8 GPU RIG: 2 GPU not working

Hello,

I am using a RIG ONDA 1800 D8P-D3 V1.00 Onda Technology Corporation (5.6.5 01/16/2018) with 8 Radeon RX 580 8192M · AMD/ATI.
It runs 5.0.21-hiveos.

Problem: GPU0 and GPU1 are not working.
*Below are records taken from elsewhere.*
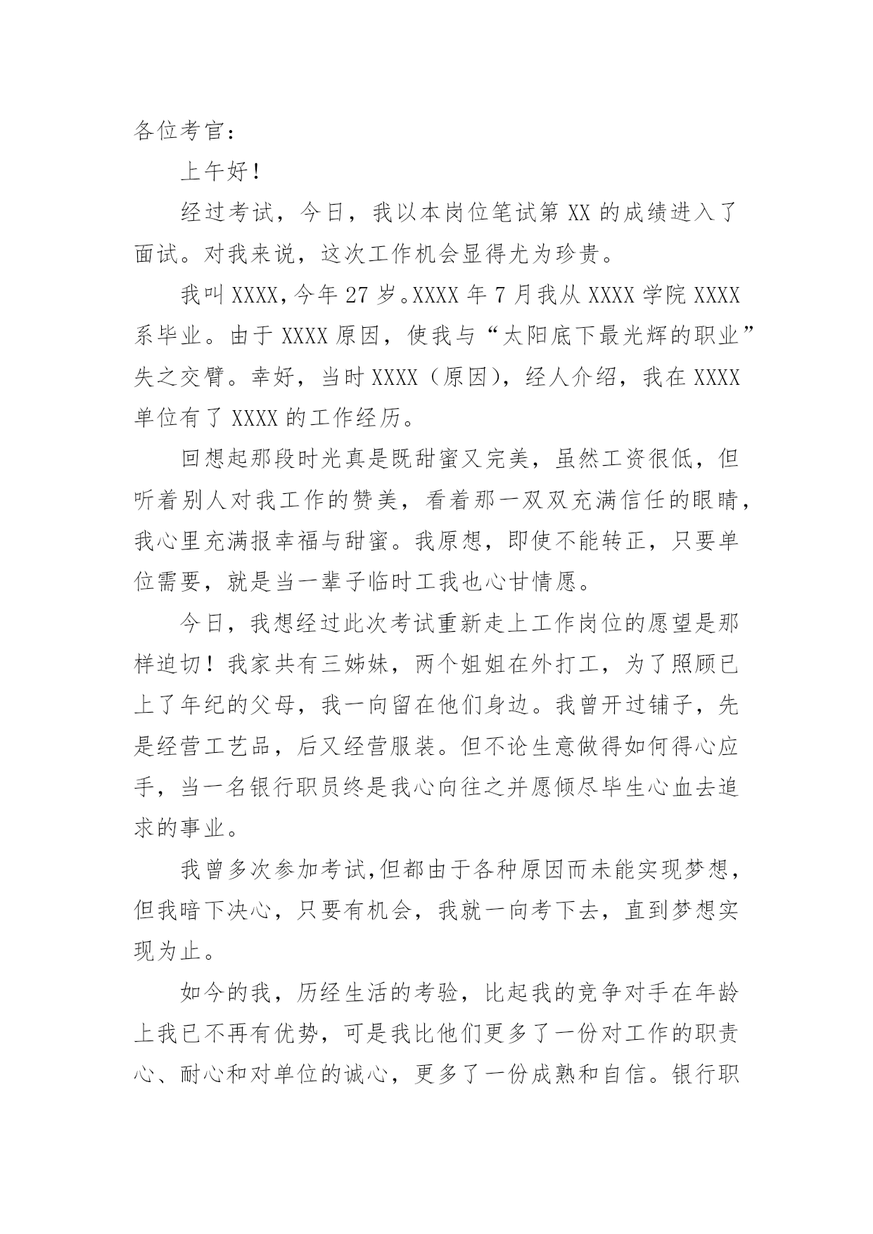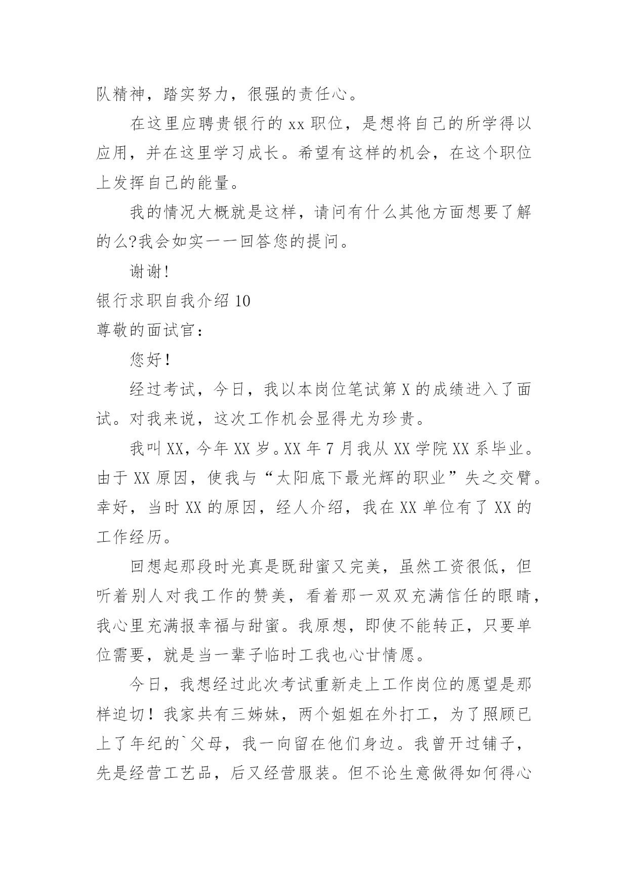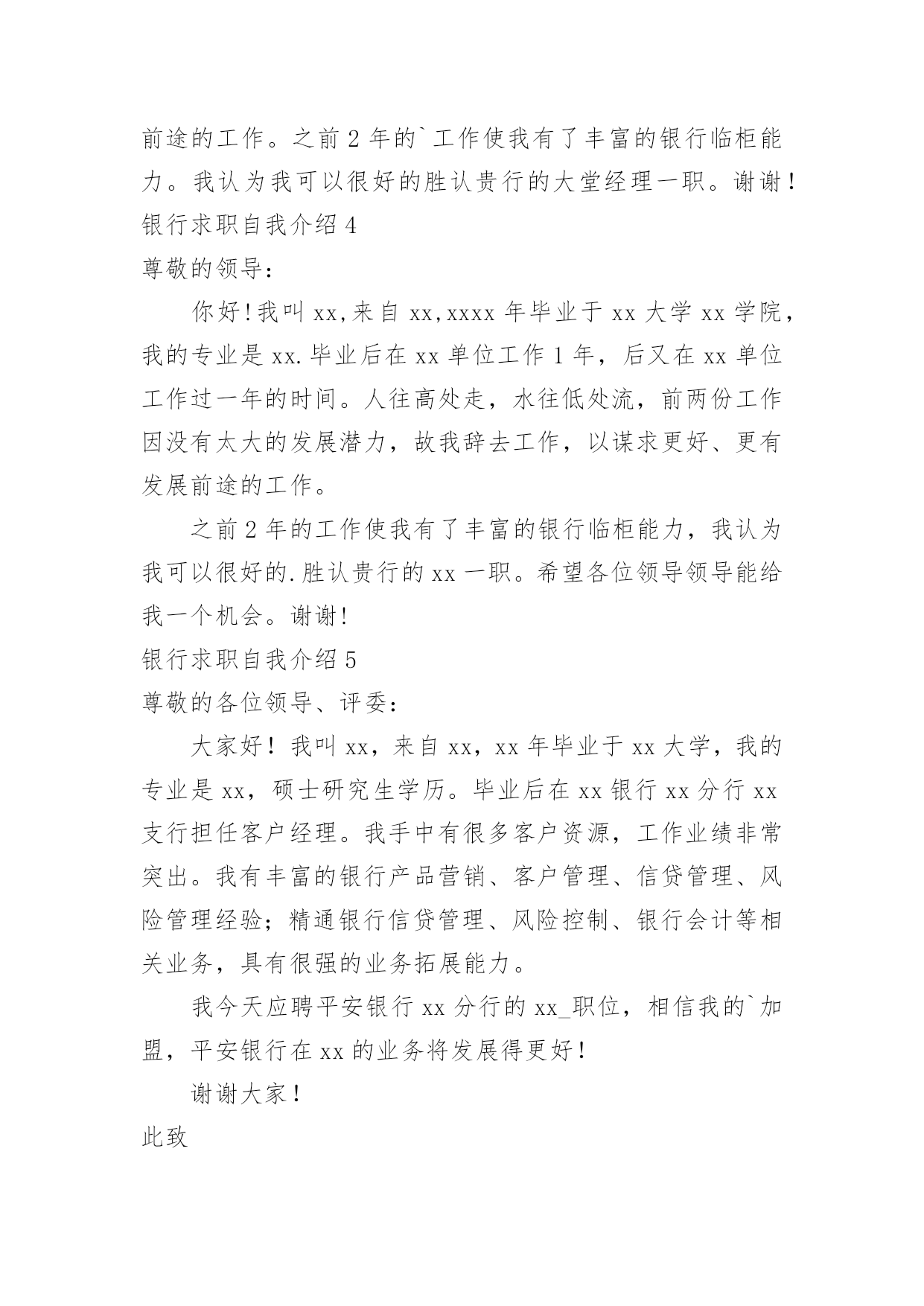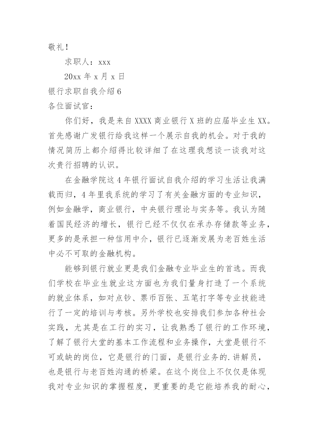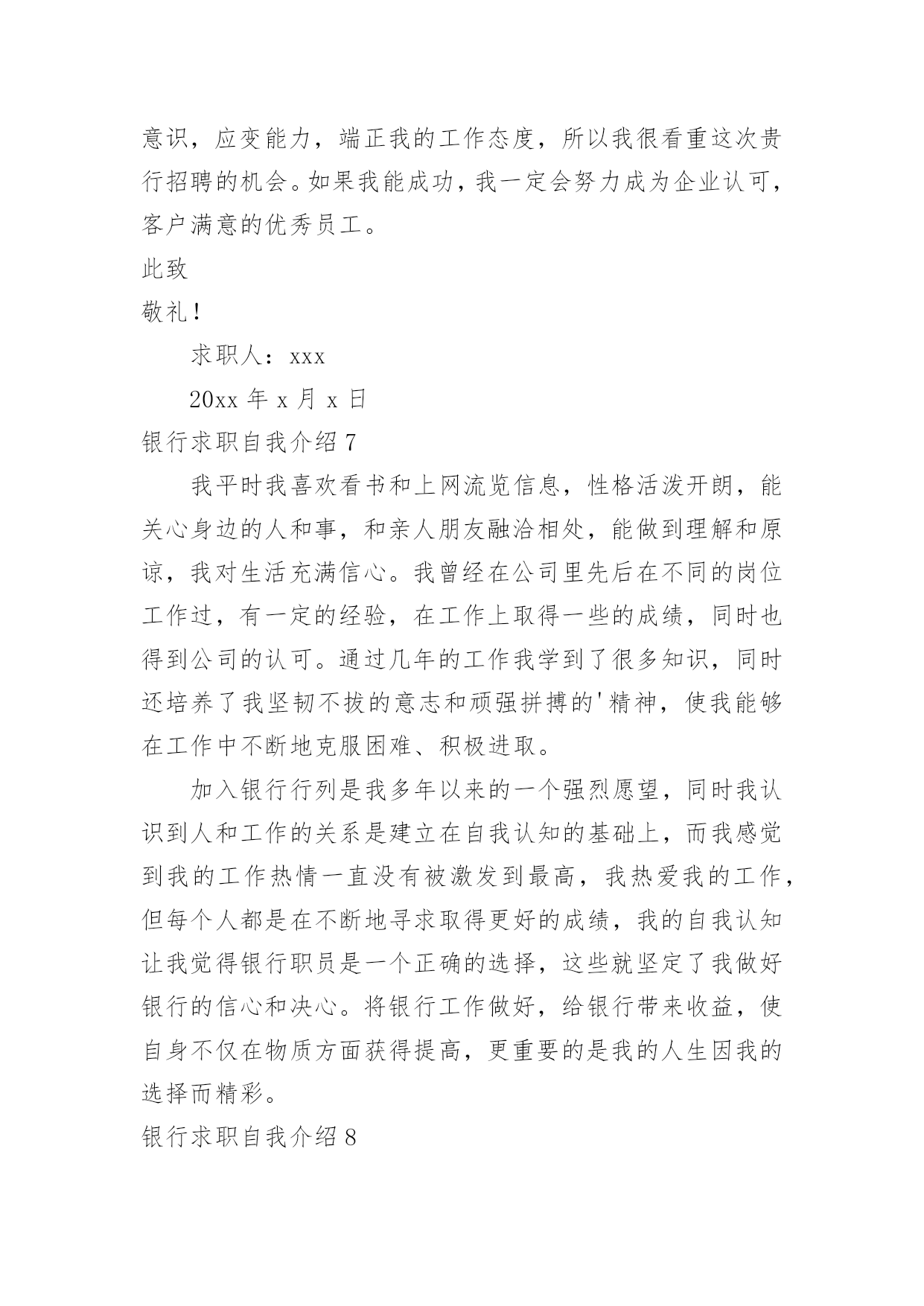 银行求职自我介绍银行求职自我介绍合集15篇初到一个新的环境,我们有必要对自己进行适当的介绍,通过自我介绍可以得到他人的欣赏。怎么写自我介绍才能避免踩雷呢?以下是小编为大家整理的银行求职自我介绍,仅供参考,欢迎大家阅读。银行求职自我介绍1尊敬的领导:您好!我是这次面试的第xx号考生,xx,蒙族。20xx年xx月,我毕业于xx大学xx学院xx专业,在大学的四年里,我学习了经济学,管理学、金融学和法律的基础知识。大学期间表现优秀,曾获得院级优秀假期社会实践论文。20xx年寒假,我曾在福利院和养老院进行假期社会实践,帮助残疾儿童补习功课,照顾孤寡老人的一些生活起居。在这个期间,我提高了与人沟通的能力,同时培养了良好的服务的意识。我性格开朗为人坦率,有责任感。同时我态度严谨、认真。银行的工作通常比较琐碎,我的优点是能够把琐碎的事情专心致志的做好。我的'基本人生观是乐观奋斗,这种人生观使我通常比较重视精神生活,比如:合作无间的工作伙伴和认可我的工作环境。爱因斯坦曾经说过:“对一个人来说,所期望的不是别的,而仅仅是他能全力以赴和献身于一种事业。”我认为这份工作能够实现我的人生价值,希望贵行能够认可我,给我这个机会,谢谢。银行求职自我介绍2尊敬的各位领导、评委:大家好!我叫x,来自x,x年毕业于x大学,我的专业是x,硕士研究生学历。毕业后在建设银行上海分行x支行担任客户经理。我手中有很多客户资源,工作业绩非常突出我有丰富的`银行产品营销、客户管理、信贷管理、风险管理经验;精通银行信贷管理、风险控制、银行会计等相关业务,具有很强的业务拓展能力。另外,我对人热情,能够很好的和别人交流,表达能力强,我希望您能给我一次机会,我相信我可以做得很好。我今天应聘建设银行x分行的x职位,相信我的加盟,建设银行在x的业务将发展得更好!谢谢大家!银行求职自我介绍3各位考官:大家好!我叫xx,来自XX,XX年毕业于XX学校XX专业。毕业后在XX银行XX支行工作1年,后又在XX市商业银行工作过一年的时间。人往高处走,水往低处流。前两份工作因没有太大的发展潜力,故我辞去工作,以谋求更好,更有发展前途的工作。之前2年的`工作使我有了丰富的银行临柜能力。我认为我可以很好的胜认贵行的大堂经理一职。谢谢!银行求职自我介绍4尊敬的领导:你好!我叫xx,来自xx,xxxx年毕业于xx大学xx学院,我的专业是xx.毕业后在xx单位工作1年,后又在xx单位工作过一年的时间。人往高处走,水往低处流,前两份工作因没有太大的发展潜力,故我辞去工作,以谋求更好、更有发展前途的工作。之前2年的工作使我有了丰富的银行临柜能力,我认为我可以很好的.胜认贵行的xx一职。希望各位领导领导能给我一个机会。谢谢!银行求职自我介绍5尊敬的各位领导、评委:大家好!我叫xx,来自xx,xx年毕业于xx大学,我的专业是xx,硕士研究生学历。毕业后在xx银行xx分行xx支行担任客户经理。我手中有很多客户资源,工作业绩非常突出。我有丰富的银行产品营销、客户管理、信贷管理、风险管理经验;精通银行信贷管理、风险控制、银行会计等相关业务,具有很强的业务拓展能力。我今天应聘平安银行xx分行的xx_职位,相信我的`加盟,平安银行在xx的业务将发展得更好!谢谢大家!此致敬礼!求职人:xxx20xx年x月x日银行求职自我介绍6各位面试官:你们好,我是来自XXXX商业银行X班的应届毕业生XX。首先感谢广发银行给我这样一个展示自我的机会。对于我的情况简历上都介绍得比较详细了在这理我想谈一谈我对这次贵行招聘的认识。在金融学院这4年银行面试自我介绍的学习生活让我满载而归,4年里我系统的学习了有关金融方面的专业知识,例如金融学,商业银行,中央银行理论与实务等。我认为随着国民经济的增长,银行已经不仅仅在承办存储款等业务,更多的是承担一种信用中介,银行已逐渐发展为老百姓生活中必不可取的金融机构。能够到银行就业更是我们金融专业毕业生的首选。而我们学校在毕业生就业这方面也为我们量身打造了一个系统的就业体系,如对点钞、票币百张、五笔打字等专业技能进行了一定的培训与考核。另外学校也安排我们参加各种社会实践,尤其是在工行的实习,让我熟悉了银行的工作环境,了解了银行大堂的基本工作流程和业务操作,大堂是银行不可或缺的岗位,它是银行的门面,是银行业务的.讲解员,也是银行与老百姓沟通的桥梁。在这个岗位上不仅仅是体现我对专业知识的掌握程度,更重要的是它能培养我的耐心,意识,应变能力,端正我的工作态度,所以我很看重这次贵行招聘的机会。如果我能成功,我一定会努力成为企业认可,客户满意的优秀员工。此致敬礼!求职人:xxx20xx年x月x日银行求职自我介绍7我平时我喜欢看书和上网流览信息,性格活泼开朗,能关心身边的人和事,和亲人朋友融洽相处,能做到理解和原谅,我对生活
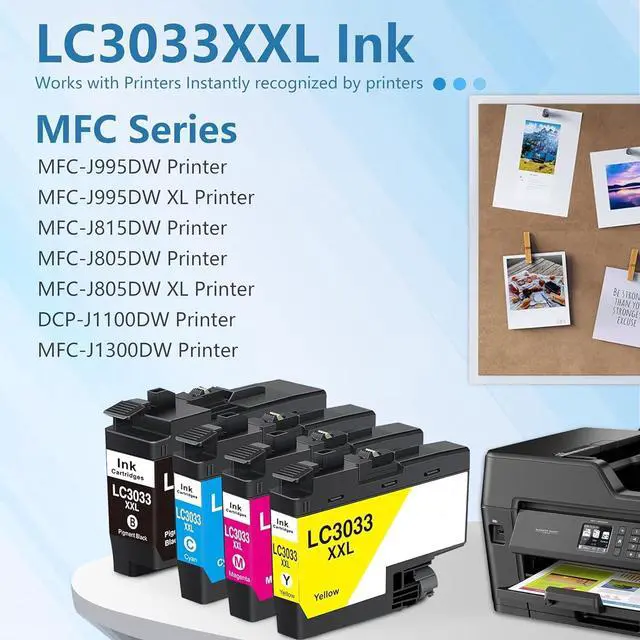 Compatible PrintersReplacement for brother printer ink lc3033 bk/c/m/y 4 pack work with MFC-J995DW MFC-J805DW MFC-J815DW MFC-J995DW XL MFC-J805DW XL Printer
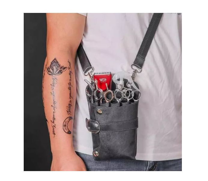 Descripción: 8 bolsillos para tijeras y 1 bolsillo principal (para peines, pinzas de peluquería y Navajas, etc); permite guardar 7 piezas de tijeras y otros útiles de peluquería y Barbería . Cinturón desmontable con clip, se ajusta cómodamente a la cintura. Bolsa de tijeras duradera, ayuda a mantener tus herramientas más importantes a tu lado.
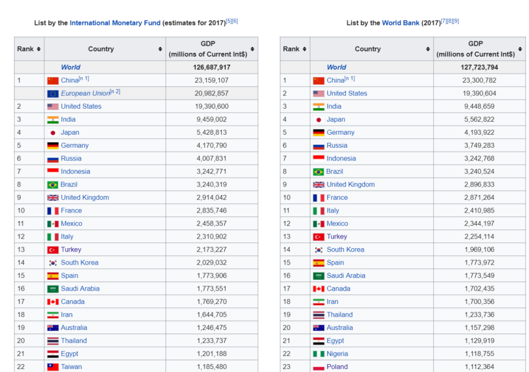 很多人討論中國的購買力平價GDP,2017年中國的購買力平價GDP為23.15萬億美元。這個數字比美國還要高,然而,購買力平價是一個與真實GDP完全不同的計算方式,後者被認為是計算不同國家生活成本差異的方法。然而,中國的購買力平價計算是不透明的,包括許多中國經濟學家在內,沒人相信這個數字是準確的,或者有什麼意義[3]。唯一關心購買力平價的官方組織是聯合國。中國的經濟規模並不比美國大[4]。
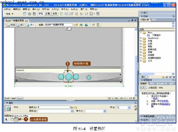 ( 3 )切换到设计视图,选中底部的播放控制图片,然后在属性面板中单击【地图】项里的 按钮,分别对准播放控制图片进行勾绘。为了使勾绘更加精确,单击属性面板中的 按钮,对热区进行调整,结果如图 51-4 所示。
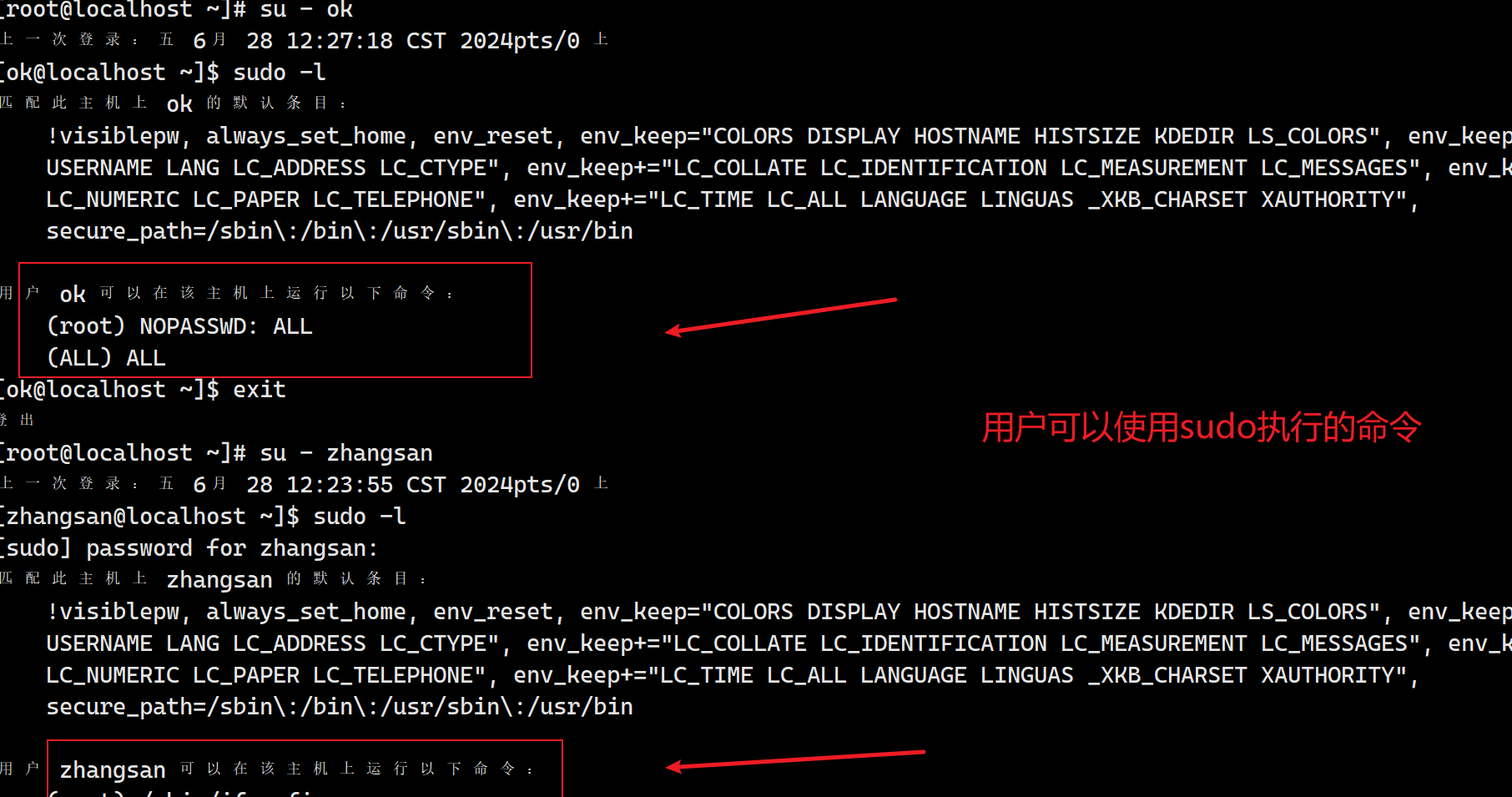 我切换到ok用户下使用sudo创建一个用户 查看sudo日志是否显示
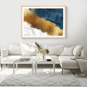 - Un poster modern cu o compoziție abstractă în auriu, bleumarin și alb. Contrastul izbitor de culori și textura elegantă conferă o notă de lux oricărui interior.
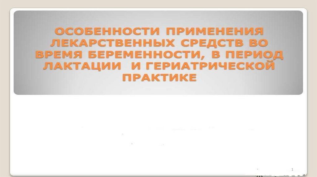 Особенности применения лекарственных средств во время беременности, в период лактации и гериатрической практике

Here are the logs:

[ 18.408128] [drm] amdgpu: 8192M of VRAM memory ready
[ 18.408133] [drm] amdgpu: 5901M of GTT memory ready.
[ 18.408205] [drm] GART: num cpu pages 65536, num gpu pages 65536
[ 18.408427] amdgpu 0000:02:00.0: (-22) kernel bo map failed
[ 18.408605] [drm:amdgpu_device_init [amdgpu]] ERROR amdgpu_vram_scratch_init failed -22
[ 18.408615] amdgpu 0000:02:00.0: amdgpu_device_ip_init failed
[ 18.408622] amdgpu 0000:02:00.0: Fatal error during GPU init
[ 18.408629] [drm] amdgpu: finishing device.

Booting back on win10 system all GPU are working.

Any help to solve this issue would be appreciated.

Thank you.

Hello,
Did you manage to get this card working?
J.

Any luck? I’m having a similar issue. All I did was add a 5th GPU to an existing 4 GPU rig. The reason I think it’s Hive/Bios/Software is that the 4th GPU, which was previously working, is now getting similar errors. No change to riser, pcie port, or anything on that GPU. But only 4 out of 5 GPUs are functional. Errors below.

[ 17.016849] amdgpu: ATOM BIOS: 113-1E366CU-S52
[ 17.016868] [drm] UVD is enabled in VM mode
[ 17.016868] [drm] UVD ENC is enabled in VM mode
[ 17.016871] [drm] VCE enabled in VM mode
[ 17.016885] [drm] GPU posting now…
[ 17.148586] [drm] vm size is 64 GB, 2 levels, block size is 10-bit, fragment size is 9-bit
[ 17.148603] amdgpu 0000:05:00.0: BAR 2: releasing [mem 0x40000000-0x401fffff 64bit pref]
[ 17.148604] amdgpu 0000:05:00.0: BAR 0: releasing [??? 0x00000000 flags 0x0]
[ 17.148692] [drm:amdgpu_device_resize_fb_bar [amdgpu]] ERROR Problem resizing BAR0 (-16).

[ 17.148696] amdgpu 0000:05:00.0: BAR 2: assigned [mem 0x40000000-0x401fffff 64bit pref]
[ 17.149424] amdgpu 0000:05:00.0: amdgpu: VRAM: 8192M 0x000000F400000000 - 0x000000F5FFFFFFFF (8192M used)
[ 17.149426] amdgpu 0000:05:00.0: amdgpu: GART: 256M 0x000000FF00000000 - 0x000000FF0FFFFFFF
[ 17.149430] ------------[ cut here ]------------
[ 17.149431] reserve_memtype failed: [mem 0x00000000-0xffffffffffffffff], req write-combining
[ 17.149854] amdgpu 0000:05:00.0: amdgpu: (-22) kernel bo map failed
[ 17.150611] [drm:amdgpu_device_init [amdgpu]] ERROR amdgpu_vram_scratch_init failed -22
[ 17.151306] amdgpu 0000:05:00.0: amdgpu: amdgpu_device_ip_init failed
[ 17.152020] amdgpu 0000:05:00.0: amdgpu: Fatal error during GPU init

Unfortunataly I found no solution yet.
Rebooting in Win10 I have all GPU working (but this is not what I want since it is not stable for a long time).